La mise sous tutelle d’une région veut tout simplement dire que celle-ci est désormais sous le contrôle de l’État et qu’elle perd ses plus grandes libertés. Enclenchée le 27 octobre, cette mise sous tutelle implique la destitution de Puigdemont ainsi que celle de son gouvernent. Ils sont également poursuivis pour sédition et détournement de fonds. Le Parlement catalan s’est vu dissous et des élections se tiendront fin décembre pour le renouveler. De nombreux fonctionnaires ont également du renoncer à leurs fonctions et la grande partie d’entre eux est désormais sous l’autorité madrilène. Soraya Saenz de Santamaria, bras droit de Rajoy, dirige désormais la région.

Et c’est pas fini ! (ça serait trop simple)

Suite aux poursuites judiciaires évoquées ci-dessus, huit ministres ont été arrêtés et un mandat d’arrêt international a été lancé contre Puigdemont ainsi que quatre de ses ministres qui sont partis se réfugier en Belgique fin octobre. Les rebondissements continuent puisque la justice espagnole a retiré les mandats d’arrêt européens lancés contre eux.

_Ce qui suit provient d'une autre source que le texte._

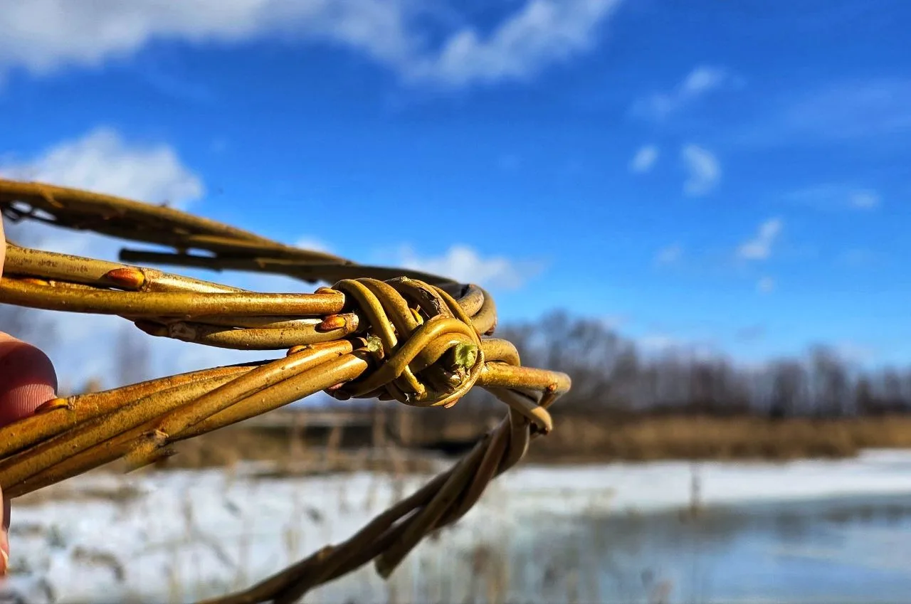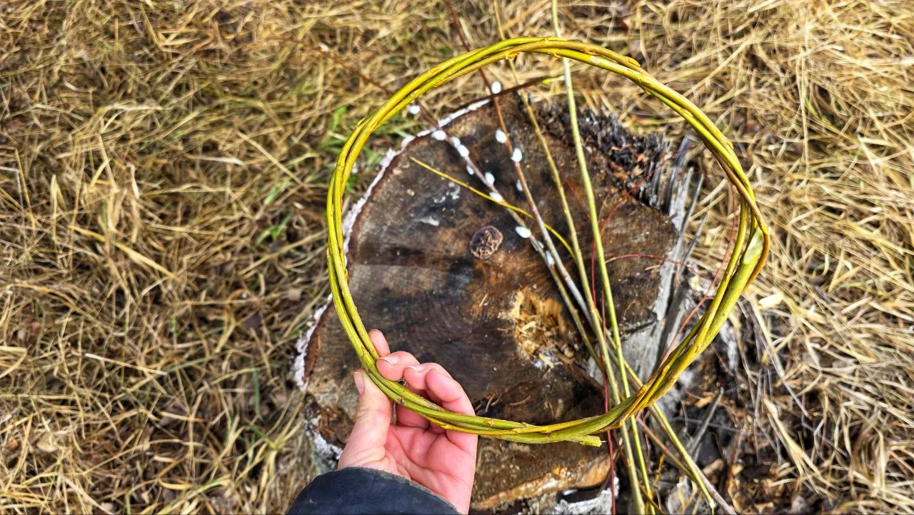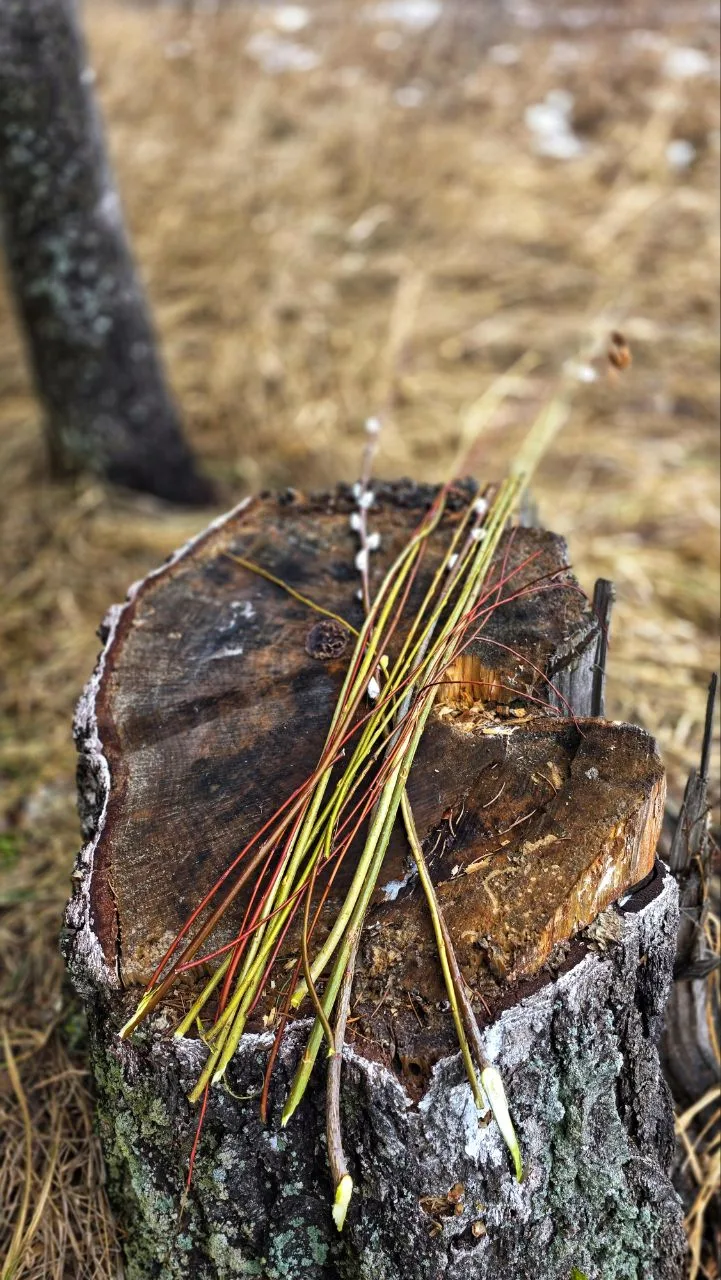 Если вам неприменно нужны свежие ветки с сережками - из них, конечно, плести проще - поищите поваленое дерево, как сделали мы. Ветра были сильные и старые, больные или просто хрупкие деревца - не устояли.

Dernier événement en date, les fameuses élections pour le renouvellement du Parlement européen qui se sont tenues le 21 décembre après une campagne inédite. Effectivement, avec un candidat à l’étranger, Carles Puigdemont, et un autre derrière les barreaux, Oriol Junqueras de la gauche républicaine catalane, la campagne a été pour le moins particulière.

Sandra Lázaro
Junqueras et Puigdemont au Parlement espagnol  @Wikipédia Commons

C’est un coup gagnant pour les indépendantistes catalans puisqu’ils obtiennent la majorité des sièges au parlement régional avec 70 sièges sur 135. Une participation historique de 82% et comme annoncé, des résultats très serrés entre les partis de Puigdemont, qui a obtenu 34 sièges, et de Junqueras, qui en a obtenu 32. C’est néanmoins le parti centriste libéral, Cuidadanos, présidé par Inès Arrimadas, qui arrive en tête de liste des suffrages. Elle sera l’opposante principale face aux indépendantistes du parlement puisqu’elle refuse totalement l’idée d’une indépendance de la Catalogne.

C’est malgré tout une grande jubilation pour Puigdemont qui y voit une « victoire de la République catalane« . Si les trois partis indépendantistes parviennent à s’entendre, tâche qui s’annonce d’ores et déjà compliquée, ils peuvent envisager de former un gouvernement qui pourrait changer beaucoup de choses. Le bras de fer avec Rajoy, et désormais Arrimadas aussi, va donc surement continuer encore un moment et le sort de la Catalogne reste encore à déterminer.